Source material:
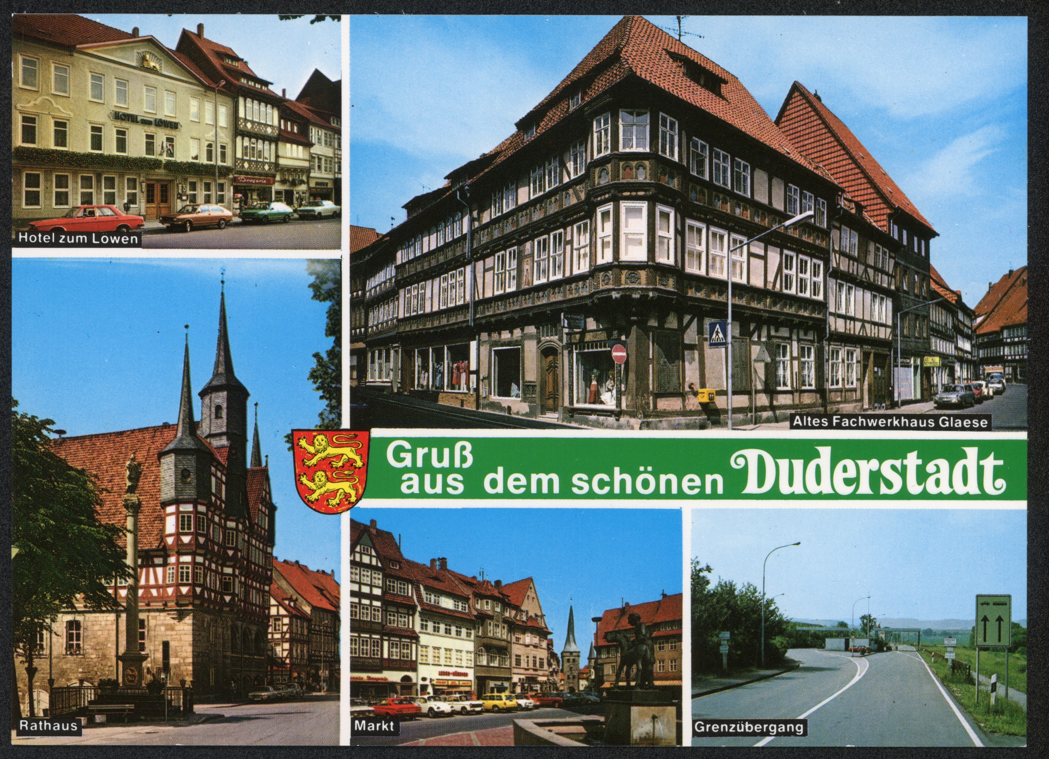 Ort Duderstadt Motive Hotel zum Löwen Rathaus Markt Grenzübergang Altes Fachwerkhaus Glaese Format groß Jahr 1984 Verlag Cramers Kunstanstalt, Dortmund Bestell- oder Individualnummer Dd 523 84/2 Tags Teistungen Gerblingerode Zonengrenze
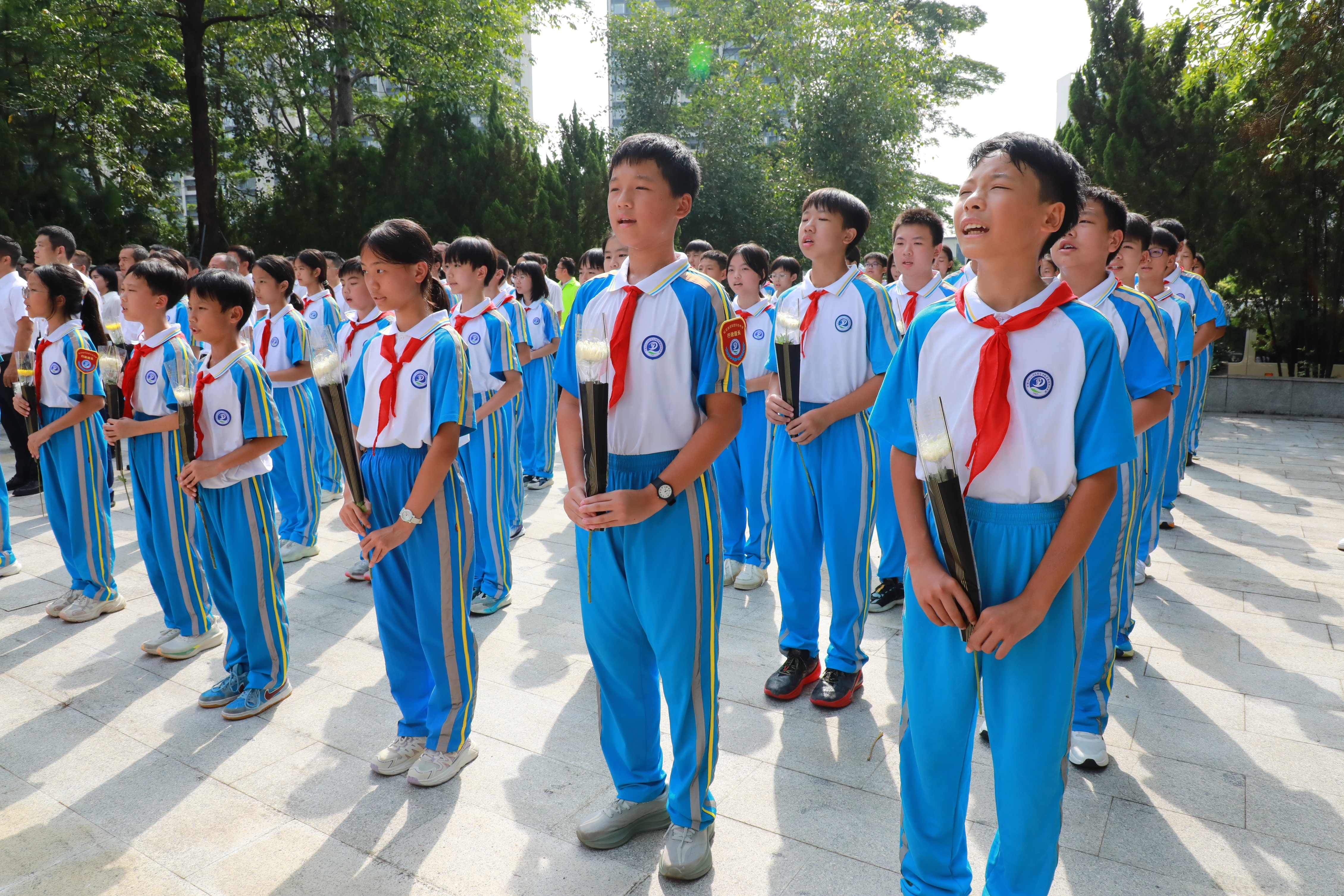默哀毕,手持鲜花的少先队员高唱《我们是共产主义接班人》。他们清脆的歌声,如同初升的太阳,照亮了前行的道路,表达了少年儿童继承先烈遗志、奋发图强的坚定决心,充分展现新时代少年的责任与担当。
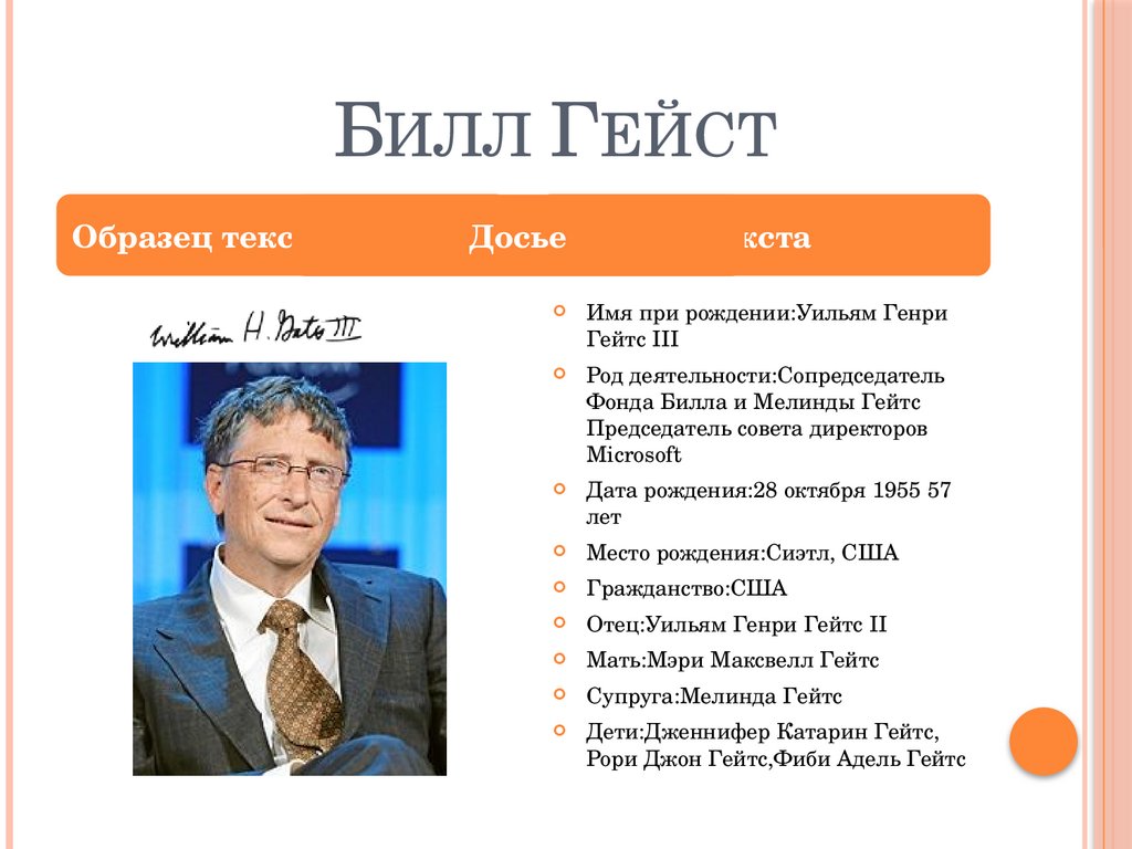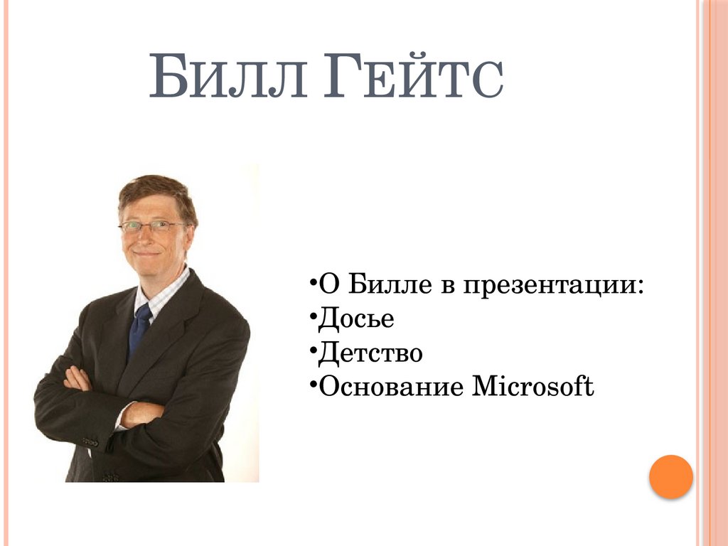 БИЛЛ ГЕЙТС•О Билле в презентации:

Task details: Line by line, reproduce the material above exactly, leaving each picture out.

Exercise answer:
 Ort Duderstadt Motive Hotel zum Löwen Rathaus Markt Grenzübergang Altes Fachwerkhaus Glaese Format groß Jahr 1984 Verlag Cramers Kunstanstalt, Dortmund Bestell- oder Individualnummer Dd 523 84/2 Tags Teistungen Gerblingerode Zonengrenze
默哀毕,手持鲜花的少先队员高唱《我们是共产主义接班人》。他们清脆的歌声,如同初升的太阳,照亮了前行的道路,表达了少年儿童继承先烈遗志、奋发图强的坚定决心,充分展现新时代少年的责任与担当。
 БИЛЛ ГЕЙТС•О Билле в презентации:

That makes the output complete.